Para producir transformación, los que dirigen tienen que tener el sutil y correcto manejo de la influencia y la autoridad (Poder de Experto y de Referencia). En una sociedad del conocimiento y de la información, el alcance, los limites y el tiempo del poder, quedan relativizados, porque todo fluye, emerge y se homologa en la horizontalidad de la ciudadanía.

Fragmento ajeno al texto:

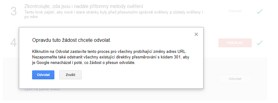 Změnu adresy v Google Search Console lze také odvolat. Na domovské stránce v seznamu webů vyberte svůj původní web, po kliknutí na ikonu ozubeného kolečka vyberte Změna adresy a v dolní části klikněte na možnost odvolat.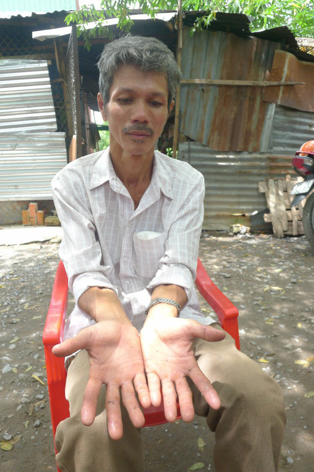 Bàn tay và chân của thầy giáo Lân bị xây xát nhiều chỗ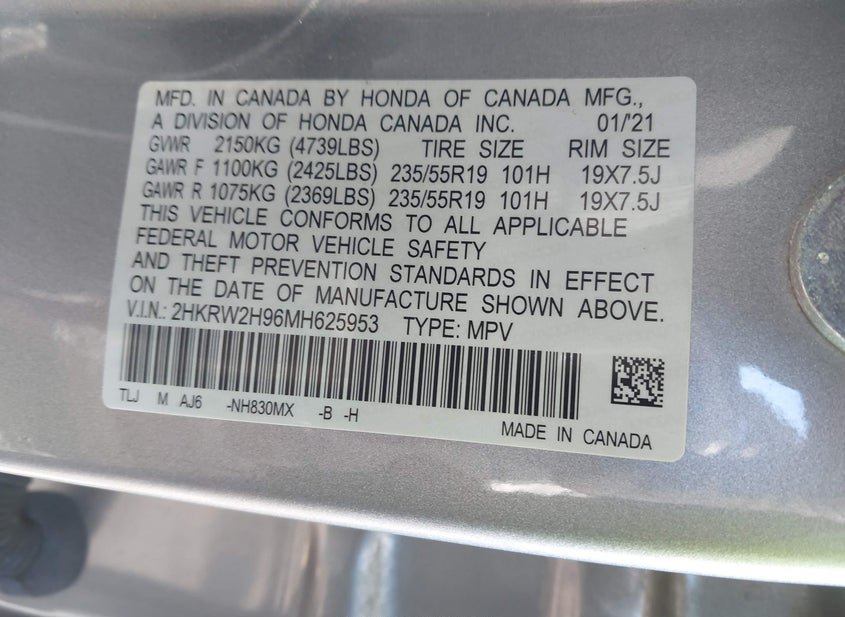- VIN: 2HKRW2H96MH625953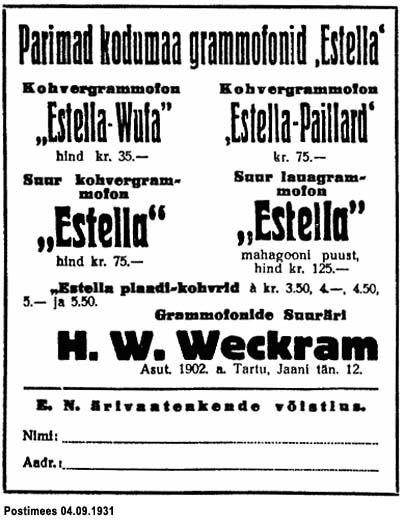 Grammofonitööstus Estella, H. W. Weckram, Tartu, Kloostri 10-13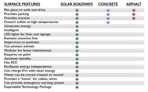 光伏发电路面设想在 2006 年由美国的一对科学家夫妇提出并开始研究。布鲁索夫妇发明出一种正六边形的太阳能电池板(SolarRoadway),其表面是一种超耐磨的特殊玻璃,承重最高达 125 吨,能保证汽车的安全行驶。Solarroadways 官网对 Solarroadway、混凝土、沥青三种不同路面材料做了对比。

El poder se construye sobre un arco, que encuentra: Autoridad y la influencia; y, estas se anidan en el espacio de la política. Los actores políticos nuestro se han movido en estos años en la bola de nieve del poder. Un poder que ha expresado cambios, sin transformación; cambios estructurales, es transformación. Tenemos cambios, no estructurales. No descansa en los nudos gordianos de la sociedad; muy al contrario, creando una asimetría, unos artilugios asincrónicos. Lo que produce es el arquetipo de una sociedad pobre, arrugada en sus sempiternas necesidades fisiológicas. La degradación del poder, por la ausencia de su legitimidad, de su ejercicio fiel, cristalizado en el bienestar colectivo; en el déficit de confianza, que se bosqueja en el pilar institucional, eclosiona un escenario entrampado en la tensión social.

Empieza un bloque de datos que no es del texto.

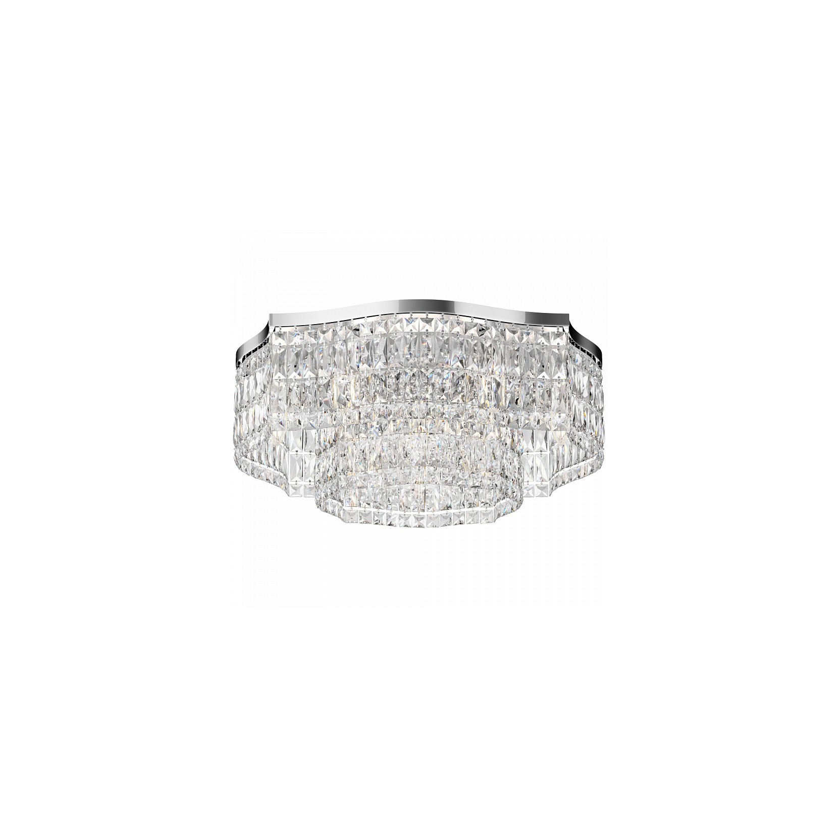 Le plafonnier DUNE voit la combinaison du métal chromé et du verre transparent modulé en forme de carrés. Dune se compose de 10 ampoules, ce qui rend lenvironnement charmant et accueillant.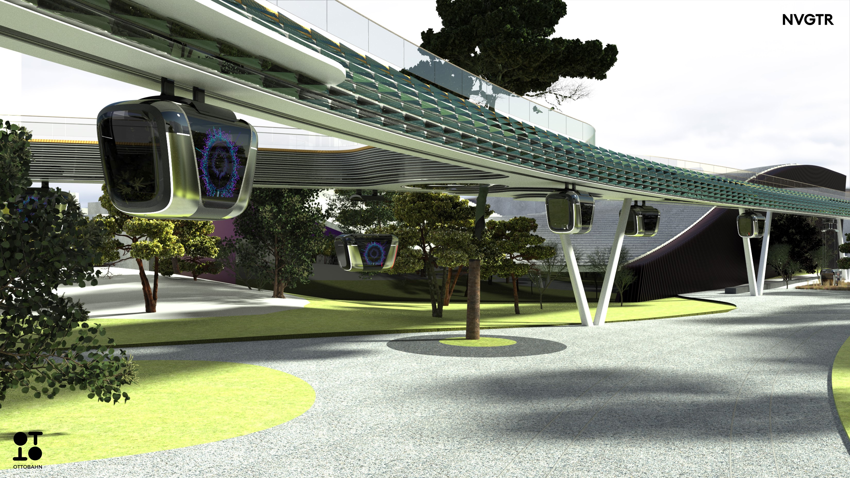 Ottobahn makes public transportation easy and sexy again – a pleasure to use by people and a pleasure to operate by cities. It’s a suspended railway 10m above today's traffic running on proven railway technology. All trips are direct from start to finish without intermediate stops, making trips very quick. Our patented passive switches reduce downtimes and maintenance costs.The pods combine the comfort of a personal car with the sustainability of public transport. They can be lowered to the ground everywhere along the tracks, eliminating the need for building and maintaining expensive stations.

Las habilidades del poder, no pueden seguir vislumbrándose con los libretos de la legitimidad tradicional y carismática, ora porque no existen y/o porque las expectativas sociales, acumuladas y acogotadas en el tiempo, despiertan y se hacen ecos. Las habilidades del poder, aquí y ahora, exigen como telón de entrada, una puerta enarbolada sobre el imperio de la ley , la rendición de cuentas, la ausencia de impunidad y el castigo a las conductas delictivas.

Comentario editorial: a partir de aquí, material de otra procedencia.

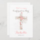 Elégante carte à plat pour confirmation avec une croix florale sur fond blanc. Personnalisez le front avec le texte, le nom et la date...à l'arrière avec du texte.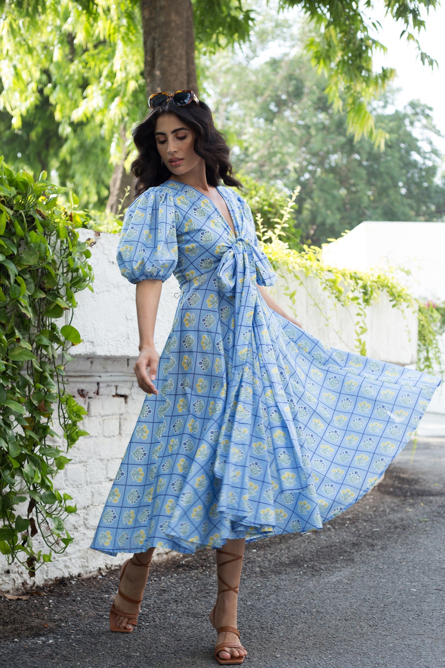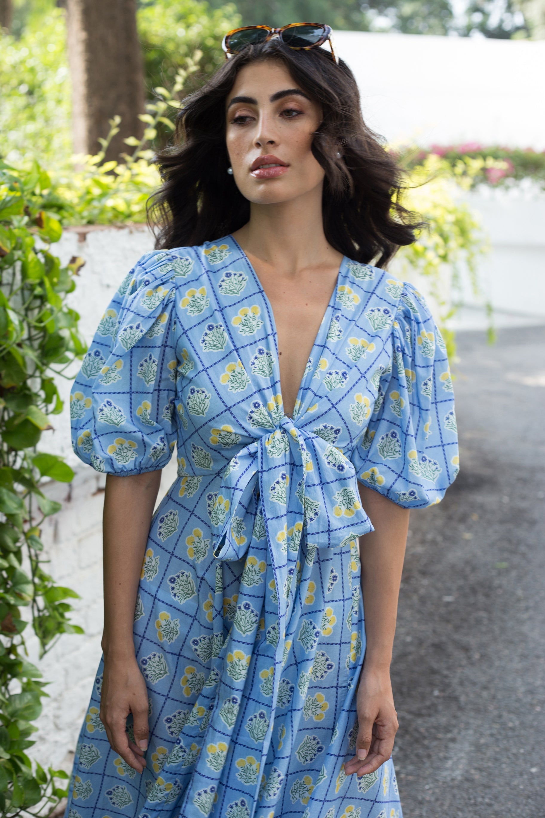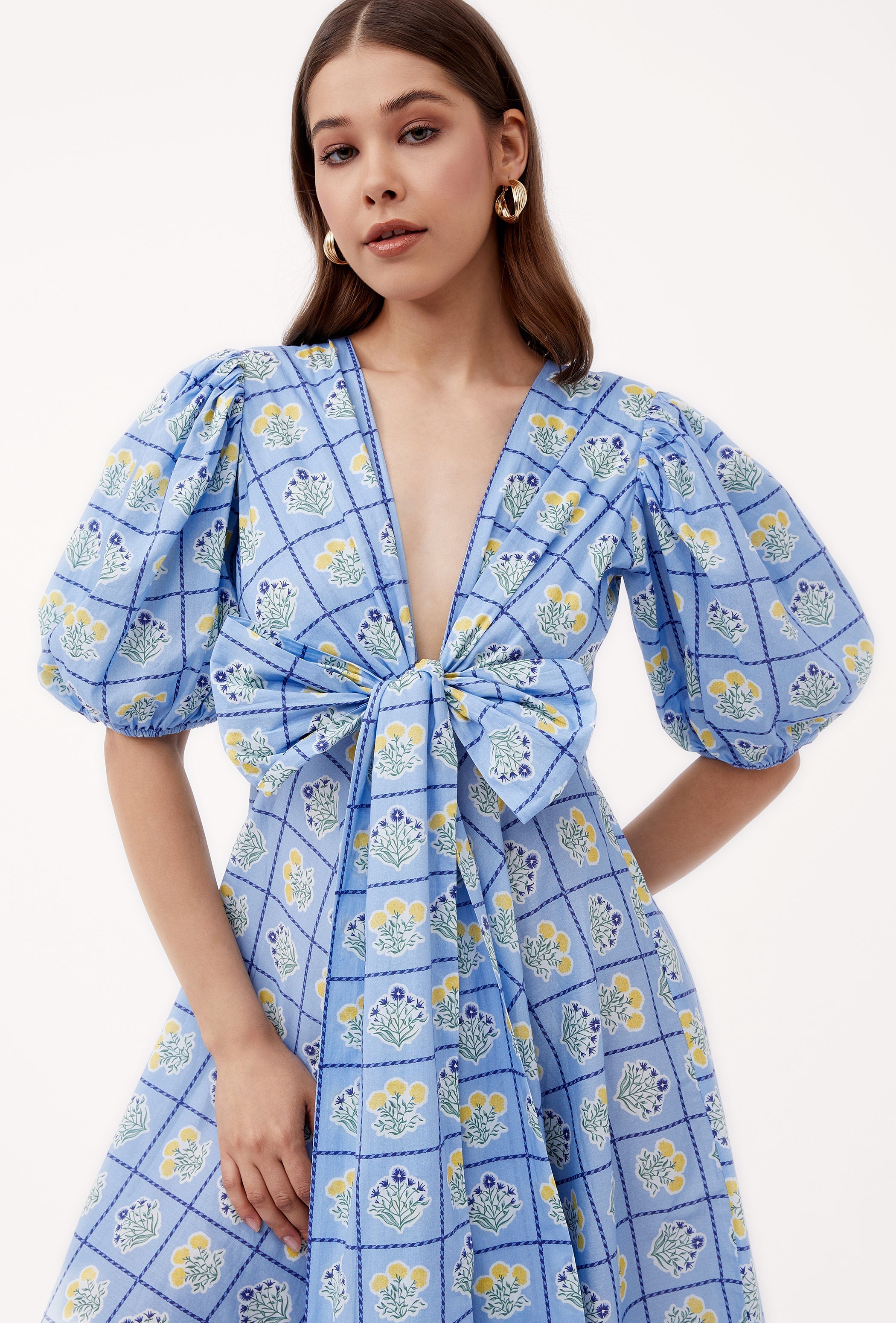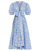 Lola is our signature style and all-time favorite. Crafted from 8 meters of softest, breathable cotton, the Lola is made to twirl in and spread joy! She is chic, easy-to-wear and incredibly versatile: Tie her in the front (with a bow) for an enticing, deep V-neckline or in the back for a bit more coverage. Inspired by a sun-drenched beach day, the artwork references the sorbet-colored beach umbrellas dotting Positano's coastline.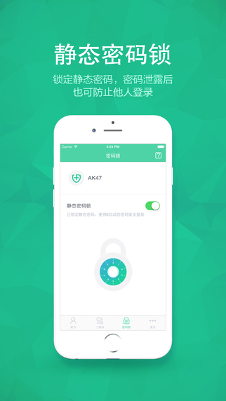 360賬號(hào)衛(wèi)士app還有動(dòng)態(tài)密碼功能,可使用360帳號(hào)衛(wèi)士提供的6位動(dòng)態(tài)密碼登錄360應(yīng)用,同時(shí)支持靜態(tài)密碼鎖功能,鎖定后靜態(tài)密碼失效,只能使用動(dòng)態(tài)密碼登錄。【軟件特點(diǎn)】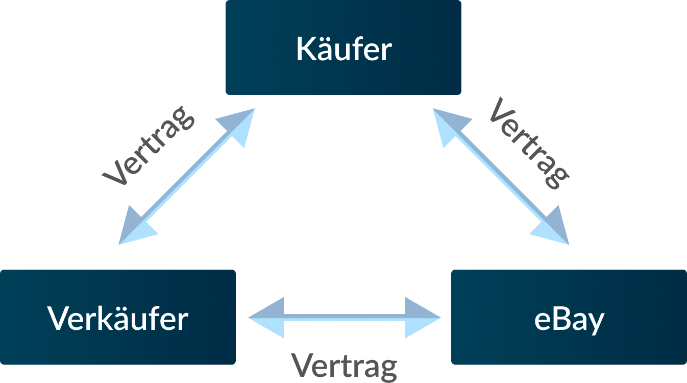 Bei eBay gibt es mehrere Verträge. Käufer und Verkäufer schließen einen Vertrag mit eBay. Hinzu kommt dann der eigentliche Kaufvertrag zwischen dem Händler und den Käufern.

Los ciudadanos levantan las pancartas bajo el apoyo de la Constitución, que en su Artículo 75, numeral 12, establece: “Velar por el fortalecimiento y calidad de la democracia, el respeto al patrimonio público y el ejercicio transparente de La Función Pública”. El poder por el poder mismo, ha acelerado un conjunto de patologías en el Estado Dominicano, que se recrudecen en un cuerpo de taxonomía. Entre ellas encontramos: Osteoporosis, Esquizofrenia, Alzheimer, Artrosis, Miopía, Sordera, Otitis, Obesidad, Leucemia, Gigantismo, Ceguera, Daltonismo, Indigestión, Esterilidad, Paranoia, Paraplejia. Así como un cuerpo sin alma entra al campo de la pudrición; un Estado, sin visión asumida y sin compromiso societal, es como el agua de borrajas vertida en el contén.
Las transformaciones y cambios , exigen nuevas habilidades del poder, que no es otro que la revolución de la mentalidad, que como dice Moisés Naim, es el “ que refleja los grandes cambios de modos de pensar, expectativas y aspiraciones”. Ola de esperanzas no solo requiere temple, visión y liderazgo, sino sueños renovados, que no encentren mute en el miedo del pasado, ni en el presente cojeando.